Taken together, while none of the tested rescoring methods surpass AF3 (min-iPAE), RTMScore (mean AUROC: 0.865; BEDROC: 0.674; EF1%: 21.34) and CNNscore with 5 poses (mean AUROC: 0.877; BEDROC: 0.672; EF1%: 19.18) emerge as competitive alternatives. These findings also suggest the potential of AF3/Protenix as robust pose generators, particularly when paired with deep learning-based scoring approaches.
Fig. 5 reveals subtle yet discernible differences in performance trends between mean AUROC and BEDROC metrics. As ligand similarity decreases, AF3-like approaches combined with either ipTM or min-iPAE exhibit a noticeable progressive decline in AUROC scores, while other methods show only marginal variations until the similarity threshold drops below 0.4. Beyond this point, the exclusion of targets with insufficient qualifying active compounds introduces greater variability in the metrics. In contrast, the BEDROC metric presents a more consistent pattern, with all approaches following a similar downward trend. Notably, performance variations based on scaffold similarity are more pronounced than those observed for molecular similarity. These observations indicate that ligand similarity does influence the performance of AF3's intrinsic confidence scores to some degree. Importantly, despite these variations, the relative ranking among screening tools remains stable, with AF3 (min-iPAE) maintaining its superior performance even under low-similarity conditions. These trends were further accentuated in the median AUROC and BEDROC analyses (Fig. S11 and S12).
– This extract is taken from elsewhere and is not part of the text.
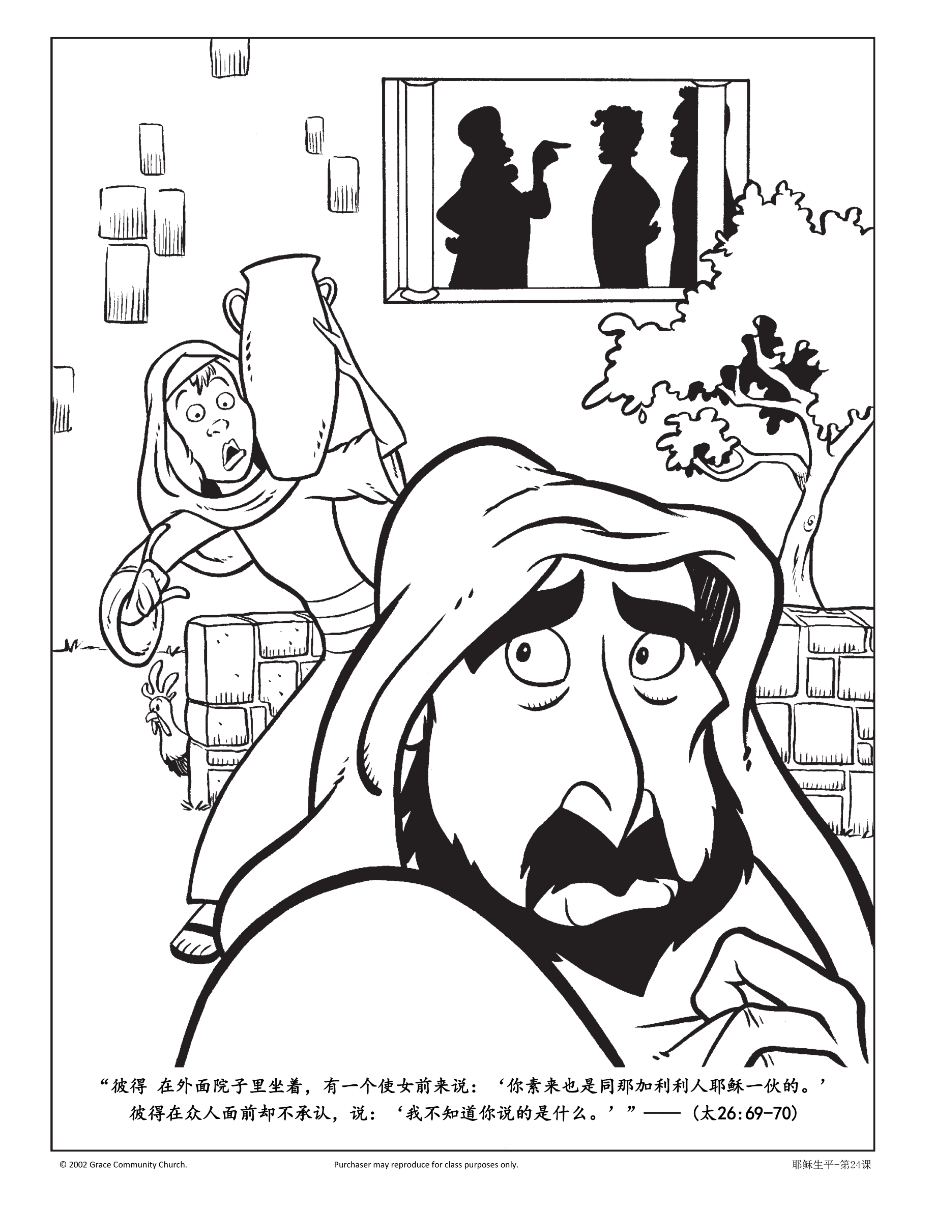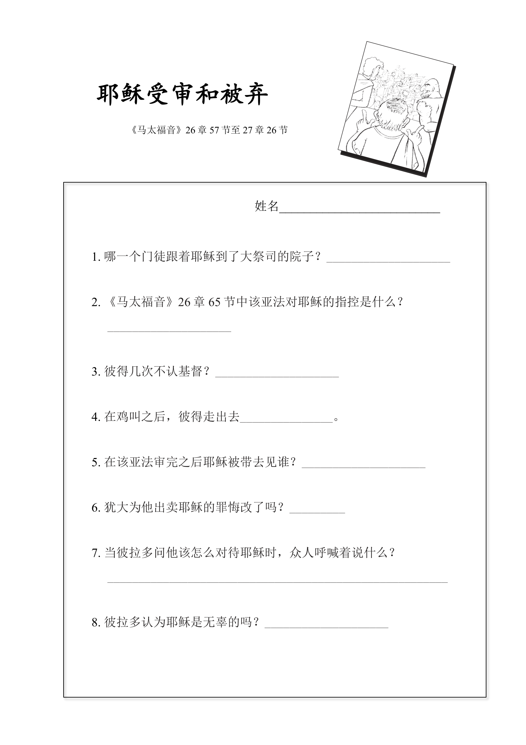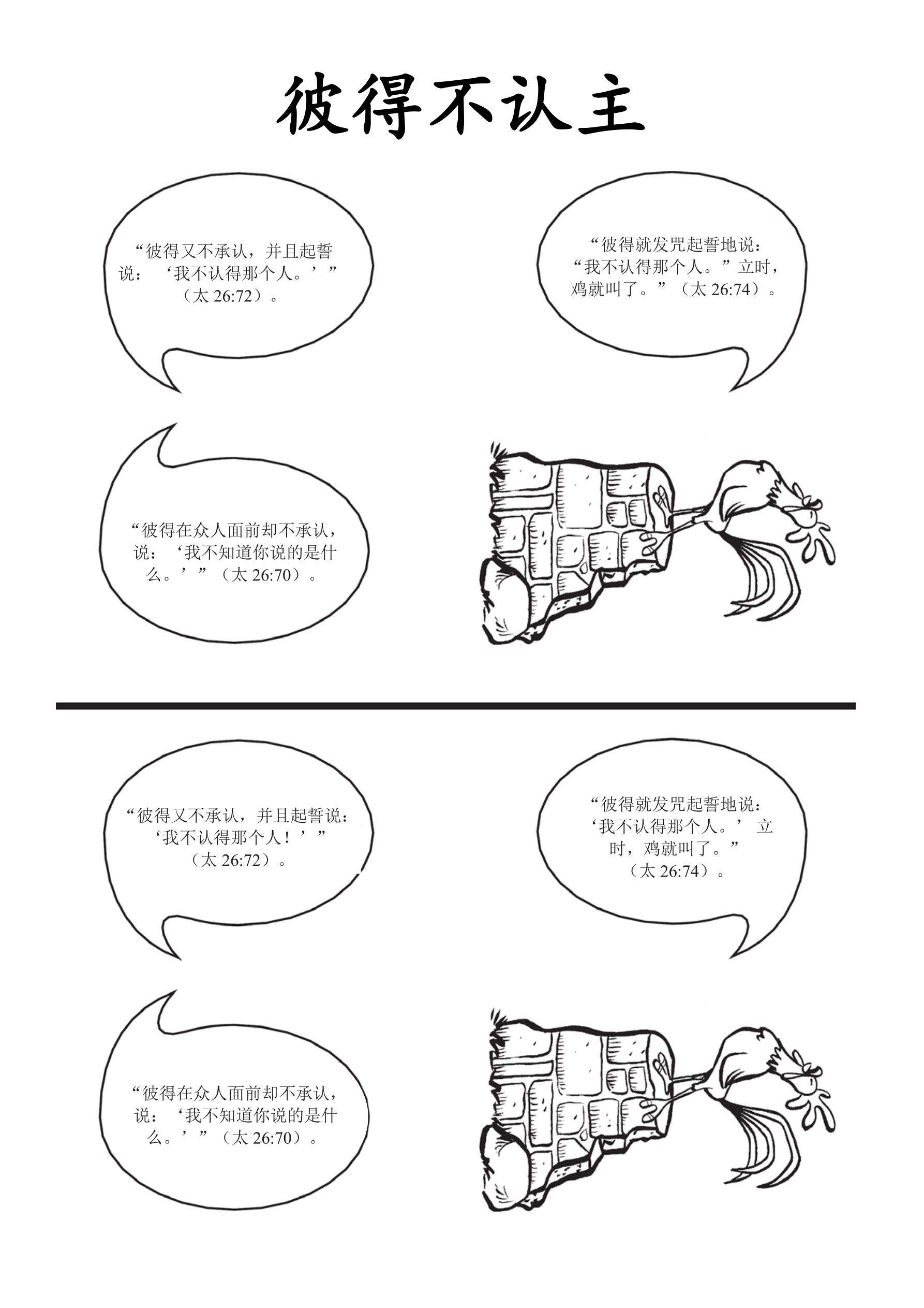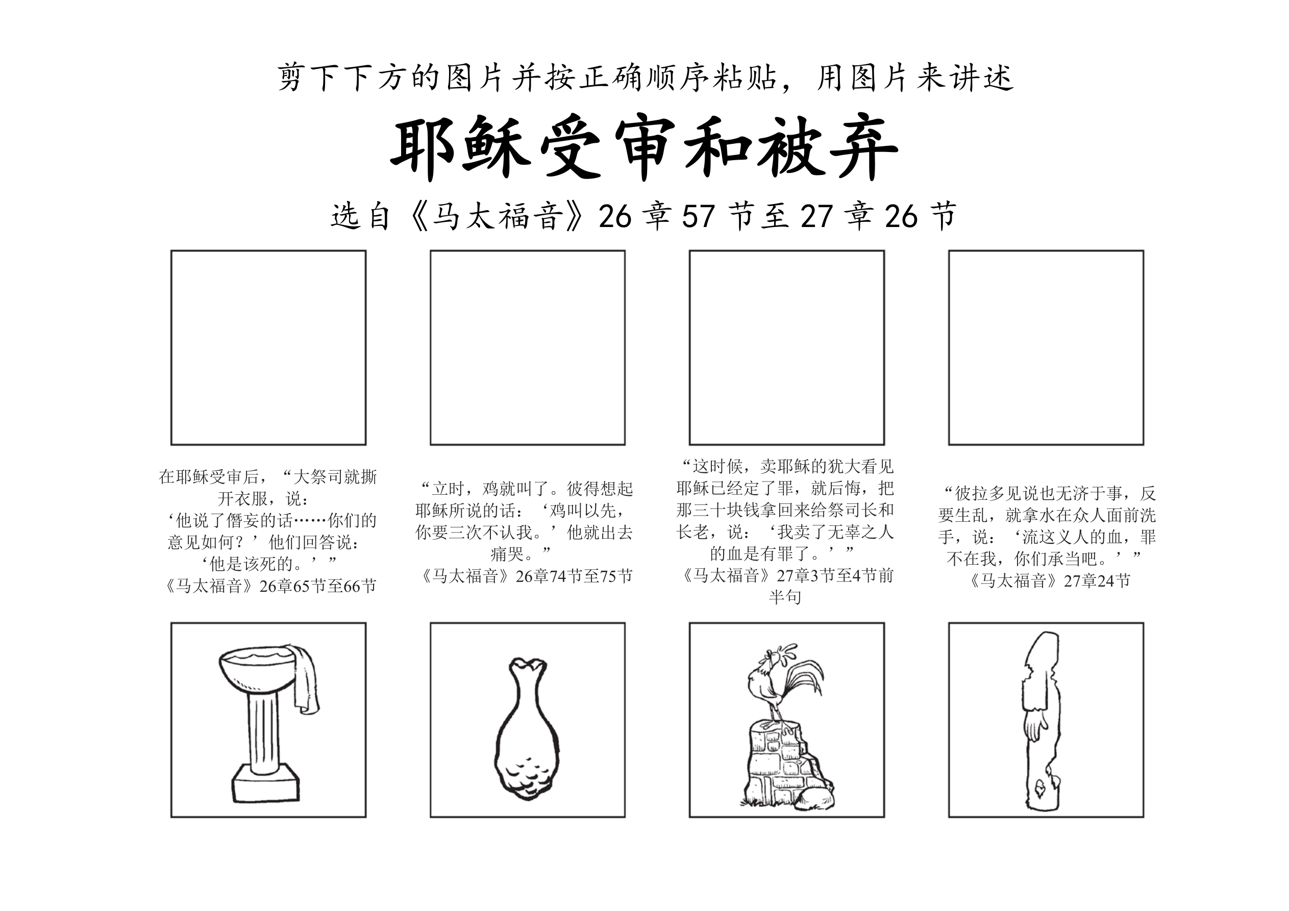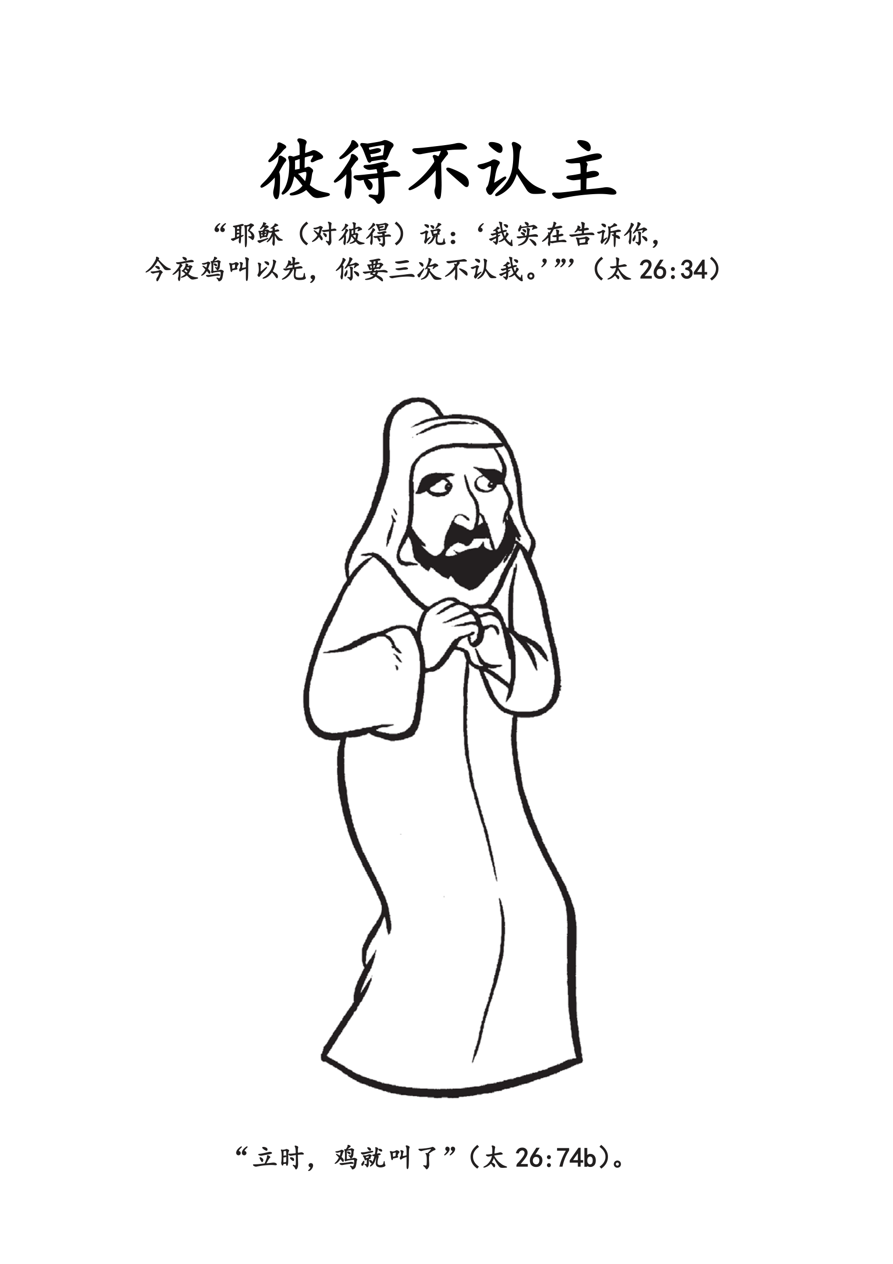 课堂说明:给每个学生一份“彼得不认主”手工页,让他们剪下每一个彼得不认主和公鸡的图片,然后用胶水把剪下来的纸片粘在另一张手工页上的彼得周围。

Similar patterns emerge when examining rescoring approaches (Fig. 6 and S13), with one key distinction: almost all methods exhibit a gradual decline in both mean AUROC and BEDROC as similarity decreases. Given that these rescoring schemes rely on structures predicted by either Protenix or AF3, this consistent trend suggests deteriorating pose generation accuracy for complexes featuring novel ligand scaffolds. Nevertheless, as clearly illustrated in Fig. 7, AF3- and Protenix-based pose generators consistently maintain superior performance compared to conventional search-based engines. This advantage is more substantial for deep learning-based CNNscore, whereas classical methods like Glide SP and Vina show progressively smaller performance gaps as similarity thresholds become more stringent.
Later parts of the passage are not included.